~ ~ ~
But now in the Berlin street his unconscious mind understands that none of this about the light is true. His mind understands that light dies like everything else; it’s not the same light at all. It’s a new light from the sun or maybe a star that already has died sometime during the thousands of years that its light was en route. He understands that what’s constant isn’t light but shadow, that it’s the shadows which are the same regardless of what light casts them. Songs are more transient than light because, unlike light that bleaches the earth or sears the flesh, a song never leaves a trace except with whatever listener can or will attest to it. The listener becomes not just a collaborator with the singer, he becomes the keeper of the song, seizing possession of it from the singer; the listener knows hearing the song more than the singer can claim singing it. If light is a ghost picture that will disappear, time is a child’s game of telephone, humming at the beginning of the line a melody transformed by a series of listeners to an altogether other melody at the end — and then who’s to say it wasn’t that final melody all along?
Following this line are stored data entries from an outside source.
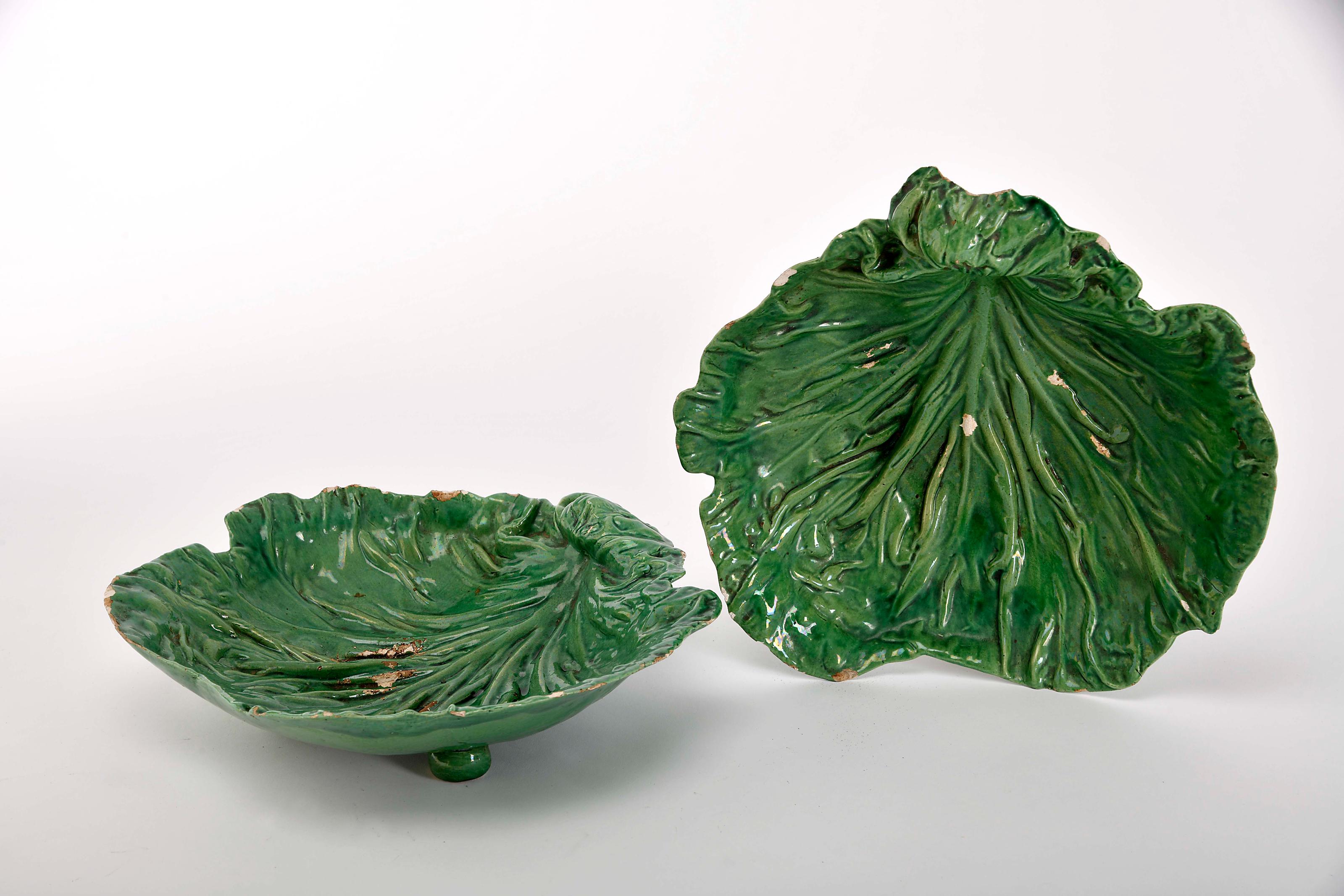Par de taças - Folha de couve faiança das Caldas decoração relevada monocroma a verde defeitos de fabrico no vidrado, pequenas faltas e esbeiçadelas nos bordos modelo de Rafael Bordallo Pinheiro (1884-1905), marca da Fábrica Bordallo Pinheiro sob direcção artística de Manuel Gustavo Bordallo Pinheiro (1908-1920) Dimensões (altura x comprimento x largura) - 6 x 28 cm Notas: exemplar idêntico integra a colecção do Museu Rafael Bordalo Pinheiro, Lisboa - Inv. nº 15 - vd. catálogo da exposição “Faianças de Rafael Bordalo Pinheiro”. Lisboa: Câmara Municipal de Lisboa, 1985, p. 65, nº 91.
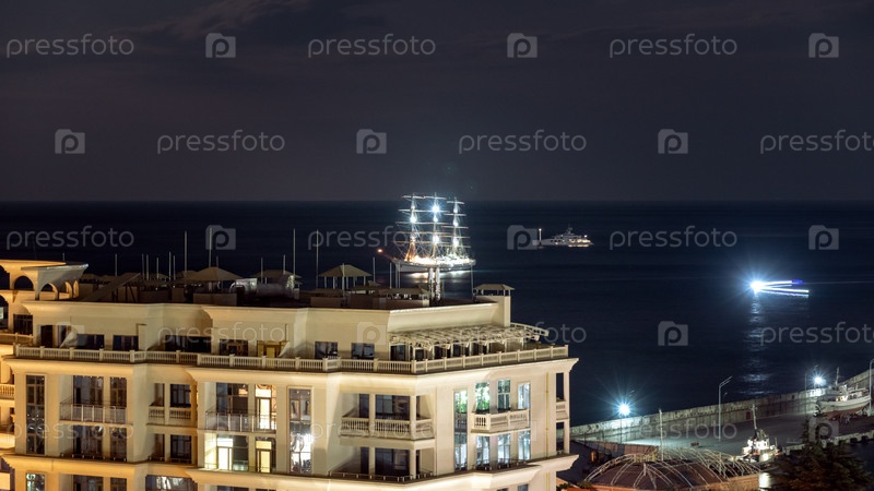 Вид на Ялтинскую бухту ночью с набережной
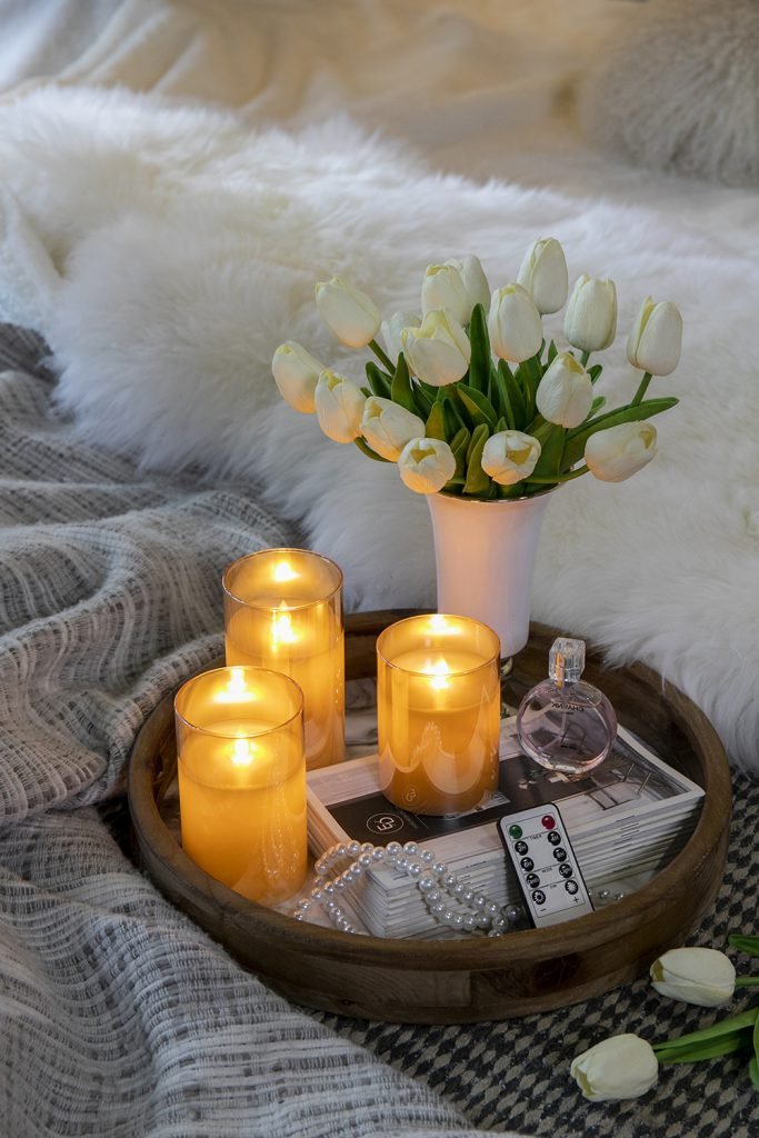 Crafted from genuine wax, this set of three flameless LED candles mimics the warm, flickering glow of the real thing without the risk of fire hazards. Housed in sleek amber glass, they bring a cozy, modern vibe to any mantel, tabletop, or dresser. A remote control is included, allowing you to adjust the brightness, set a timer, or power them on and off from the comfort of your couch.

Nonetheless, in such moments of light and song, past and present coincide. The deepest cell of memory’s catacomb is more accessible to Zan than the most shallow; he remembers more vividly the quality of light at a given moment forty years ago than the name of someone he met yesterday. Zan has become frightened by his memory’s daily, even hourly insurrections. He’s become as terrified by the prospect of dementia as he is by all the other prospects that terrify him — more, of course, because in memory lies the self’s archeological remains. Almost idly, Zan has considered some plan by which someone euthanizes him before he allows madness to consume him. But when you have children, you don’t enjoy the luxury of any melodrama other than the one you’re actually living through.
~ ~ ~
In retrospect it’s inevitable that when X’s Bloom in FutureLA is published in early 1921, no one notices. No one comments on the passages of revolutionary stream of consciousness, no one cares about the mindbending erudition or how the book proposes to sum up western civilization in a twenty-four-hour stroll.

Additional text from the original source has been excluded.